Report Card: Grading out Virginia’s 41-23 loss at Clemson
But the two picks – one in the second quarter, setting up a short Clemson TD drive, the other in the third quarter, on an underthrown fade to 6’7” freshman Lavel Davis Jr. – were the difference.
Running game: B
This is mostly Armstrong, which is vexing. Wayne Taulapapa and Shane Simpson got 16 carries total. Why Robert Anae didn’t go to them more is something for him to think through.
The running game is supposed to help make life easier for the QB.

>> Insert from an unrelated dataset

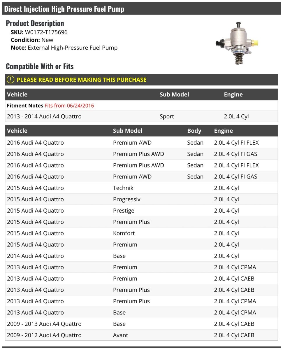 - Direct Injection High Pressure Fuel Pump For 2009-2016 Audi A4 Quattro Sedan

When the QB has to also be the running game, not sure that’s how it’s supposed to work.
Offensive line: B
Clemson had three sacks. Armstrong seemed to have enough time to throw. The INTs weren’t rush throws.
Defensive front: B
Clemson ran for 137 yards. I think you tell Nick Howell and Kelly Poppinga that Clemson is going to gain 137 on the ground going in, they’re happy as clams.
Pass defense: D
This might be generous. The coverage scheme was loose, meaning, you’re going to lay off, and then tackle them.
Problem: they didn’t tackle.
Travis Etienne had 114 yards on five catches, all passes in the flat that he just turned into big plays – three of them third-and-long conversions – by breaking tackles.
Clemson didn’t do anything special in the passing game. That was about as basic a pass offense as you will see that worked as well as that one did Saturday night.
Special teams: D-minus
Nash Griffin was solid – 46.5 yards per punt, two boots going 50+.
Brian Delaney made a field goal, but blew a kickoff that went out of bounds, setting up Clemson in good field position on what turned into a Tigers TD that would make it a three-score game after Virginia had cut the margin to 27-17.
The kick return group also gave up a long return into plus territory that turned into three points.
D-minus is generous. You can’t give the other guys 10 points on special teams.